Indigenisation deadline deferred indefinitely

To the best of my knowledge, the following extract from The Standard has not yet been contradicted,. Whether we can safely accept the statements this time has yet to be seen, but the pressures to bring about the indefinite deferral were strong enough to make this move highly probable. But we must be careful not to get too caught up in wishful thinking!

If it is contradicted, as happened last time, I will make sure I keep you informed!

Kindest regards,

John Robertson

Indigenisation deadline deferred indefinitely

Saturday, 17 April 2010

CABINET on Tuesday postponed indefinitely an April 15 deadline for foreign companies to submit plans to cede 51% of their shareholding to locals pending consultations on 10 key principles that will see an overhaul of the controversial empowerment regulations.

Sources revealed last week that despite political posturing by President Robert Mugabe and Indigenisation Minister Saviour Kasukuwere, cabinet was unanimous that the regulations that seek to operationalise the 2007 Indigenisation and Economic Empowerment Act cannot be passed in the form proposed by Zanu PF.
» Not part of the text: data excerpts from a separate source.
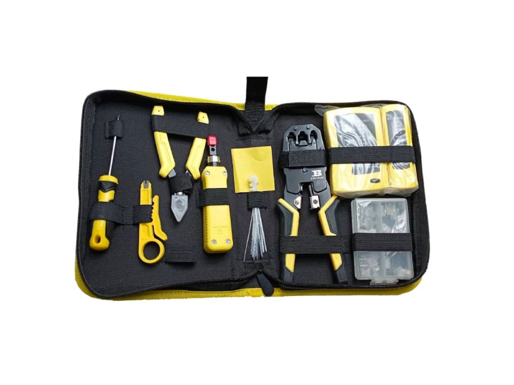 Sada nářadí pro síťaře i domácí kutily, 11ks nářadí, Tester síťových kabelů, krimpovací kleště, štípací kleště, šroubovák, konektory RJ45Sada v praktickém pouzdru obsahuje:
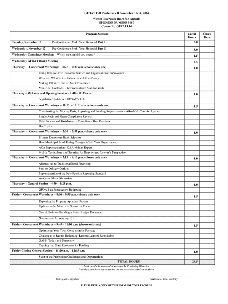 GOAT Fall Conference November 1214, 2014 Weston River walk Hotel San Antonio SPONSOR NUMBER 9450 Course No. GFFALL14 Program SessionsCredit Hours Tuesday, November 11PreConference Multi Year Financial
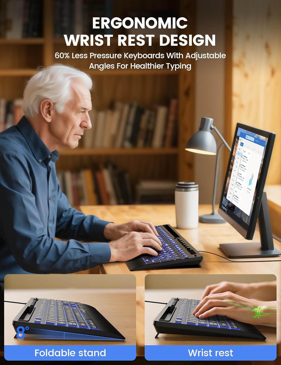 - ERGONOMIC COMFORT DESIGN: Unfold the foldable stand at the back of the keyboard and use the wrist rest to reduce hand fatigue, making long hours of typing more comfortable.
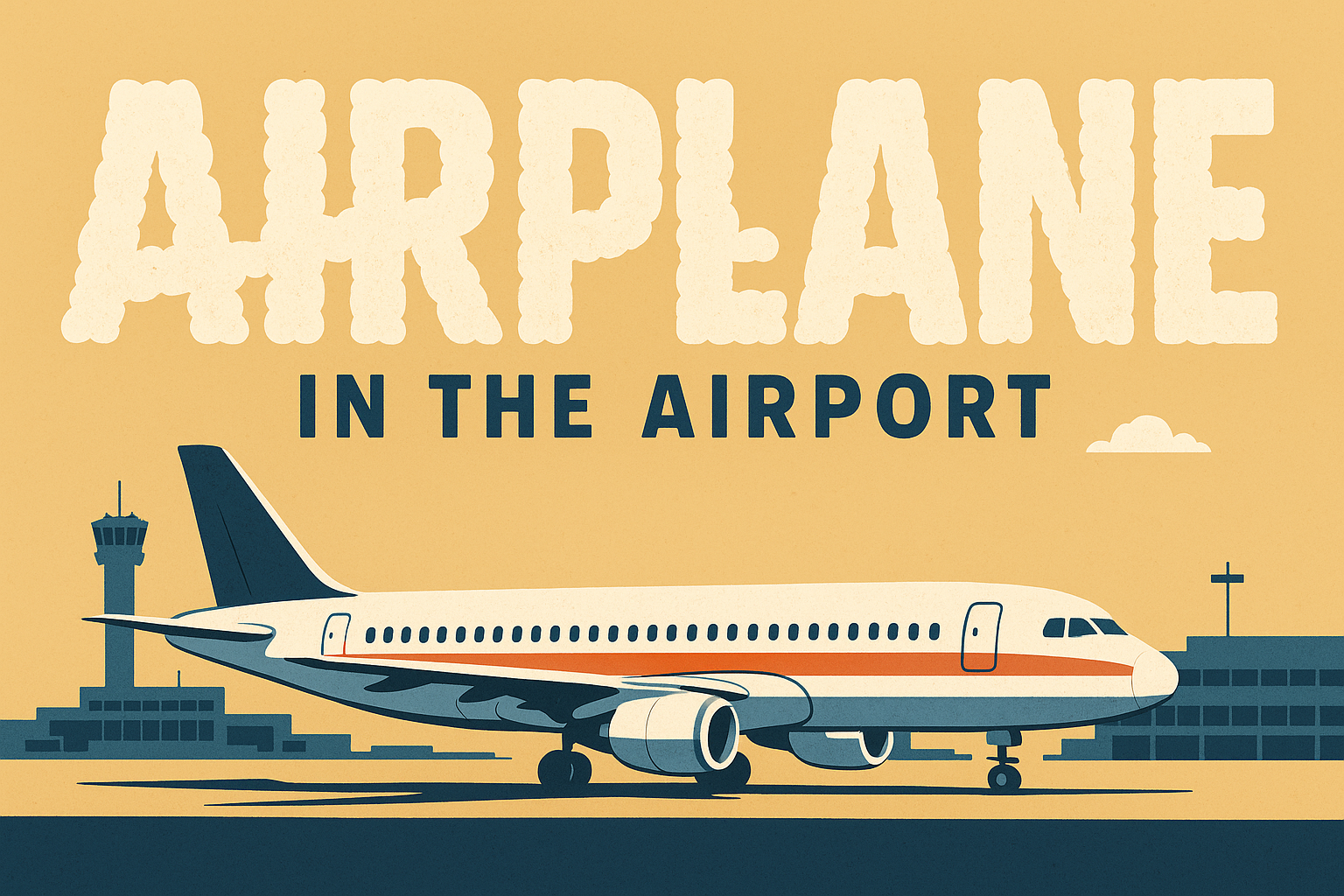 Stylized Illustration of Airplane at Airport with Bold Typography
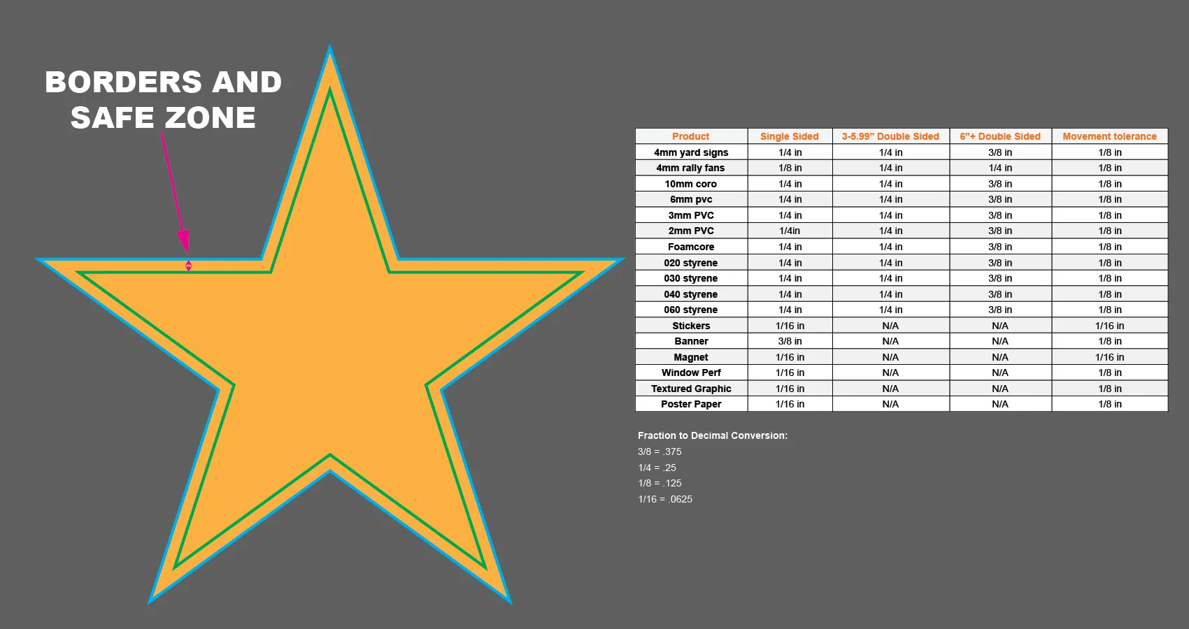 • Borders at the edge of double-sided signs must be 3/8” or thicker not including bleed.
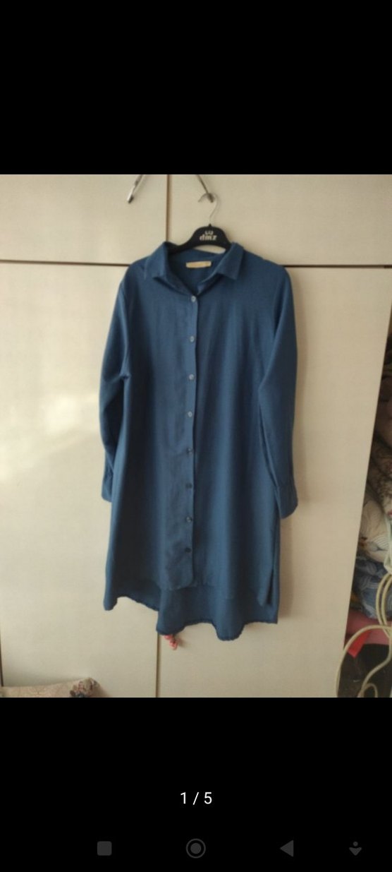 Mavi , düğmeli önü ve uzun kollu, yakalı gömlek elbise. Rahat kesim ve midi boy, gündelik kullanıma uygundur.
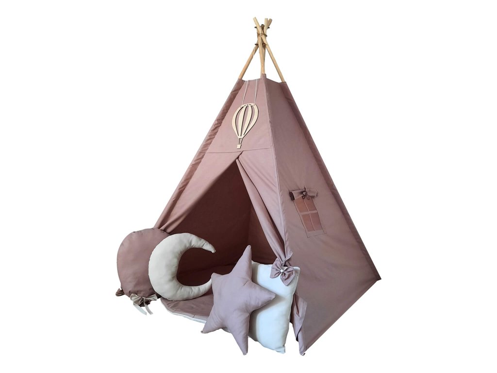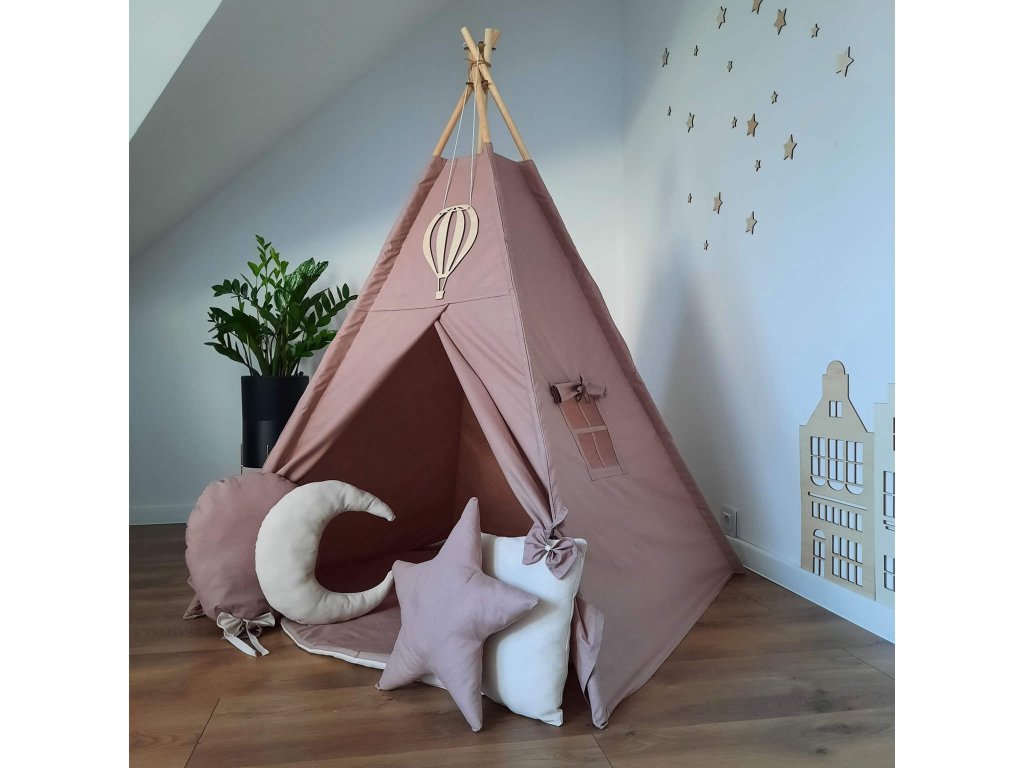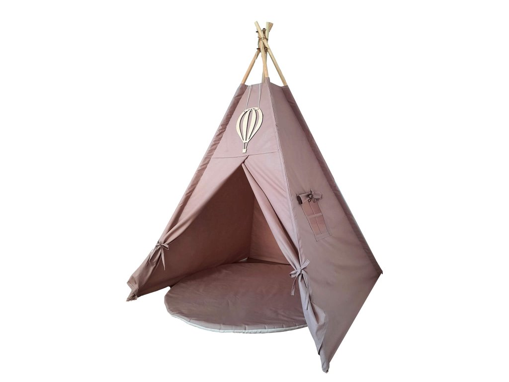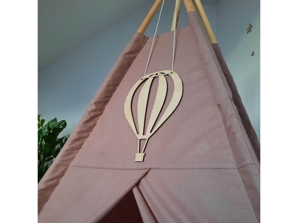 A Teepee indián sátor 4 párnával, szigetelő alátéttel (2 cm vastag), egy fa légballon dísszel, natúr borovi fenyőből készült tömör fa rudakkal és egy stabilizátorral rendelkezik, amely növeli a konstrukció biztonságosságát.

"The cabinet position is that the deadline of 45 days from March 1 for companies to provide their indigenisation plans has been set aside pending finalisation of consultations around 10 principles that are central to the empowerment exercise," said Gorden Moyo, the Minister of State in the Prime Minister's Office.
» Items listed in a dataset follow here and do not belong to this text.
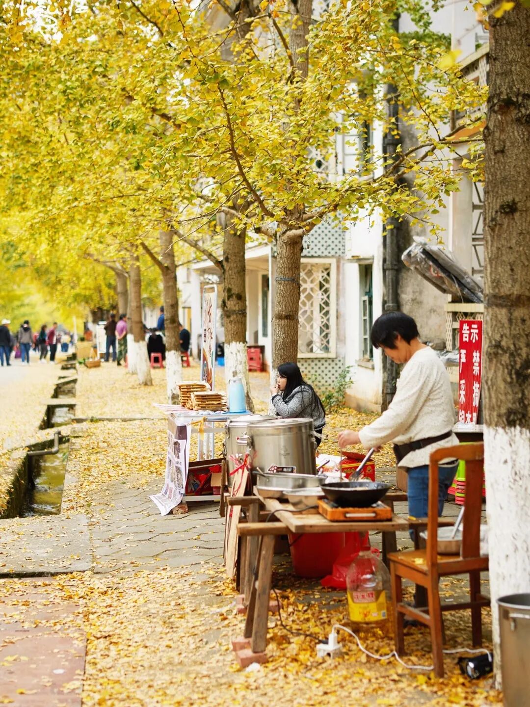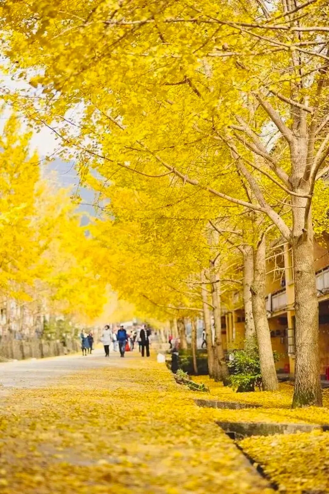 銀杏黃葉鋪滿(mǎn)地,踩上去沙沙作響
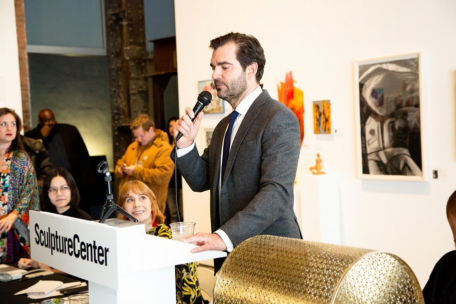 「好運抽」(Lucky Draw)募款義賣活動的主持人為藝術顧問羅威爾.派帝特(Lowell Pettit)。(攝影/Mina Magda,Sculpture Center提供)
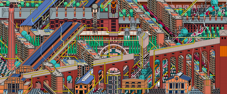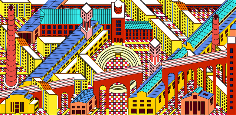 The second drawing Factory Structures depicts those iconic factory structures like chimney, water tower, covered bridge, and etc. which are some most impressive memories about factory.
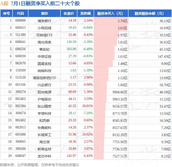7月1日A股融資凈買入排行榜:浦發(fā)銀行融資凈買入居首
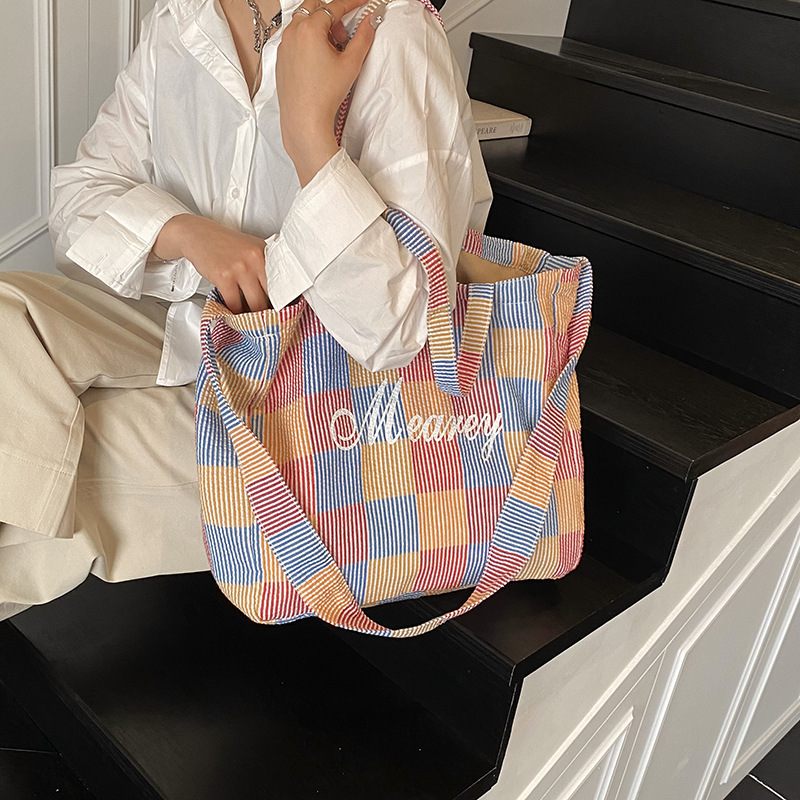大容量チェック柄クロスボディバッグ女性のための 2025 新しいトレンディな韓国語版通勤学生クラスショルダートートバッグ
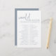 Verhoog je vrijgezellenfeest met de Dusty Blue & White Would She Rather Game - een eenvoudige, verfijnde twist op een klassiek partyspel. Dit stijlvolle spel brengt een vleugje elegantie aan uw vrijgezellenfeest feest. Met zijn strakke, minimalistische esthetiek vormt het een naadloze aanvulling op elk modern, chique vrijgezellenfeest. Maar laat je niet misleiden door de verfijnde look - dit spel zit vol met leuke, tot nadenken stemmende vragen die ervoor zorgen dat iedereen lacht, praat en hecht. Of de eregast nu houdt van mode, eten of romance, de veelzijdige vraag die wordt gesteld, zal al haar interesses aanspreken. Verras en geniet van uw bruidsfeest met een onvergetelijke douche die stijl en inhoud in evenwicht brengt.
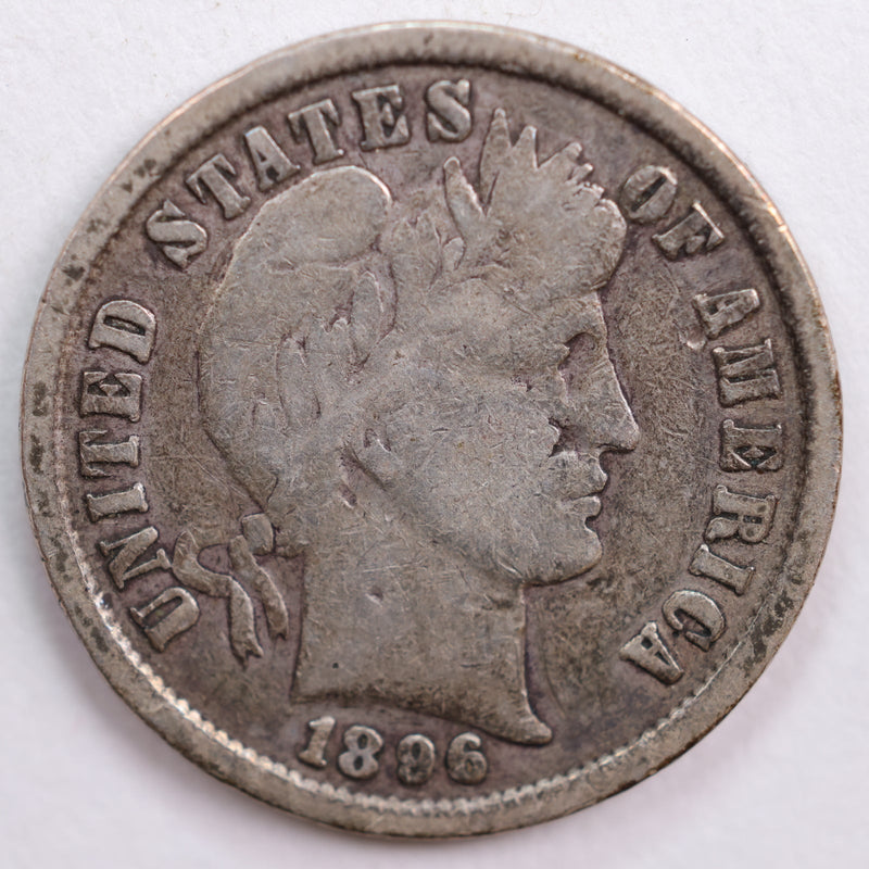 1896 Barber Silver Dime, Very Good Circulated Coin, Store #DE0507

The Standard understands some of the principles that are being reviewed include the hotly contested requirement that companies must cede 51% of their shareholding to locals. The new proposals would see companies selling shares at market value and the prescribed asset value of US$500 000 would include both liabilities and assets.

Companies listed on the Zimbabwe Stock Exchange and new investors may also be exempted from the regulations. Instead of being forced to comply with the law within five years, companies may be given up to 15 years, the new proposals have shown.
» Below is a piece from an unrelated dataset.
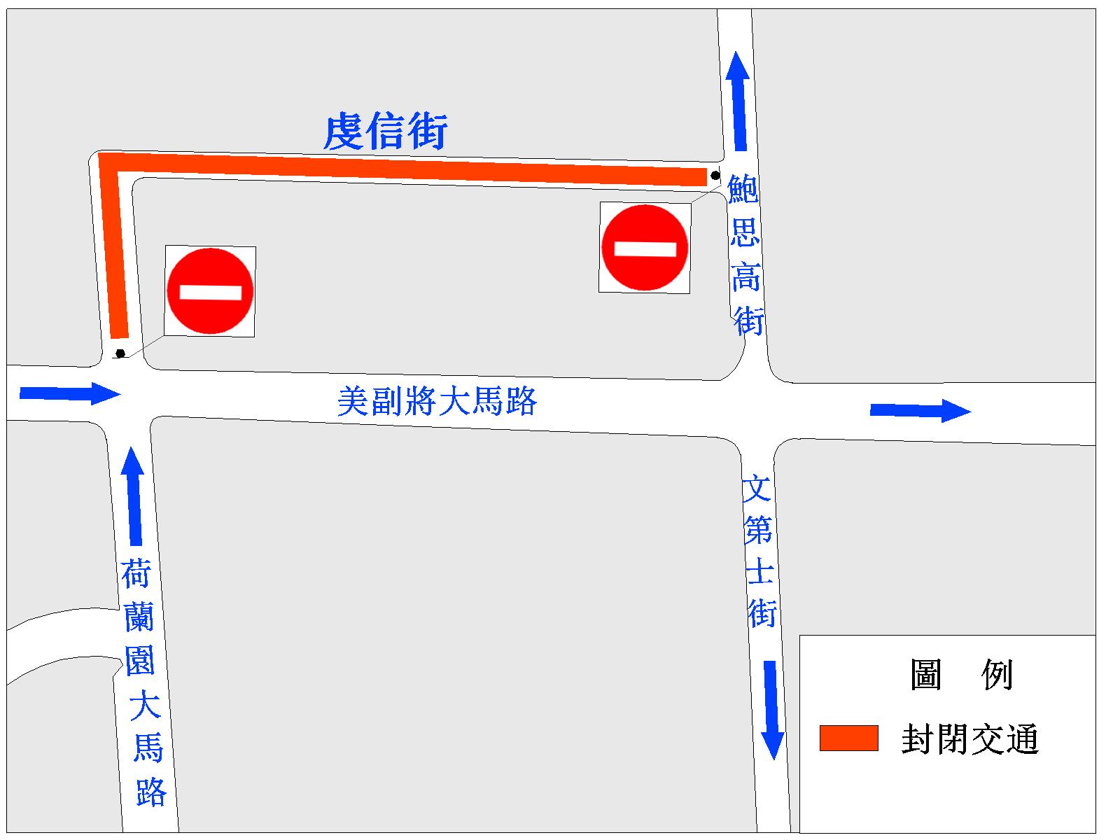 此外,介乎高勵雅馬路與偉龍馬路之間的一段氹仔雞頸馬路(由高勵雅馬路駛往孝思墳場再駛往偉龍馬路的方向)、路環打纜街及打纜前地(由打纜前地往恩尼斯總統前地方向)、介乎船鋪前地與譚公廟前地之間的一段路環十月初五馬路(由船鋪前地往譚公廟前地方向),以及介乎譚公廟前地與鄉村馬路886號之間的一段鄉村馬路(由譚公廟前地往鄉村馬路886號方向)亦於周六、日上午8時至晚上7時,臨時改作單向行車。

Government will also no longer impose a blanket threshold on the number of shares to be ceded as each sector would be allowed to come up with its own proposals. An indigenisation compliance board will also be set up to assess and approve localisation plans by companies to allay fears that the empowerment process would be abused by the responsible minister to benefit cronies.

Sectoral boards for each sector such as mining, industry and retail would be set to deal with issues at micro level. Firms that have also invested heavily on community development projects may also be excluded from the process. "We have all accepted that there should be indigenisation but it must be broad based," Moyo said.

"The only objections were that the regulations should not be implemented in the formula they were proposed." In public, Mugabe and Kasukuwere have maintained that there is no going back on the regulations. However, the law has scared investors and dampened interest in the ZSE.